100 Greatest Songs of the 60’s #2 Dusty Springfield – Son of a Preacher Man

Released: 1968

Ask a cross section of the British public now to name the greatest female British soul singer and the most popular answers would almost certainly be Adele or Amy Winehouse. This is understandable; Winehouse’s story in particular has a doomed fascination but unlike say the similar fate of the unfortunate Janis Joplin it occurred in an age where a camera or kiss and tell merchant were never far away.

The correct response would be Dusty Springfield, but in mitigation the London born singer passed away herself in 1999. Prior to that she’d endured almost two decades out of the spotlight before her collaboration with the Pet Shop Boys on What Have I Done To Deserve This provided a first hit since the beginning of the seventies.

Reduced to playing the cabaret circuit for fifty pounds a night, her former heyday seemed to have been and gone by the time she signed to the hip Atlantic label in 1968. A complicated, sometimes difficult personality and never one to toe the line, a brush with the Apartheid-era regime in South Africa had drawn headlines, whilst an innate lack of self confidence quartered itself with being gay in an era when coming out was widely considered to be career suicide.
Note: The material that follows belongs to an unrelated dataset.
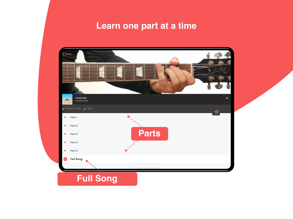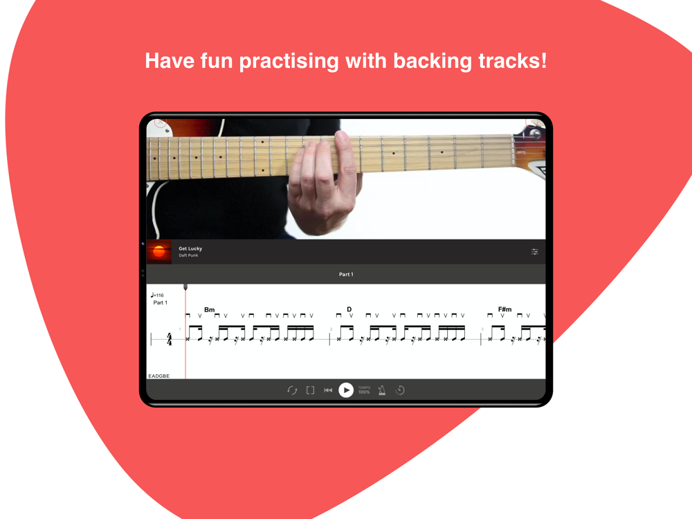 Learn easily with simplified scores available in standard notation, tablature, or neck view.

Son of a Preacher Man was the showpiece of Dusty In Memphis, an album which had been meant to revive her fortunes but was fraught with tensions in the making. Intimidated rather than inspired by the surroundings and working with outside producers for the first time, the lack of alchemy meant that it was eventually completed in New York and on release proved to be a relative flop.

These struggles played no part in the finished article. Touching heights which only Aretha Franklin could otherwise reach, it was a song that felt old and familiar the first time it was heard, a sermon which cut right through to the rawest emotional instincts.

Later Springfield confessed that she hated her vocals on the song, describing it with almost ridiculous modesty as “A rather overrated classic”, going on to say that despite the underlying theme of forbidden intimacy she felt “It seemed to move people on a sexual level where it didn’t move me at all”. Sometimes it seems even the greats don’t understand their magic.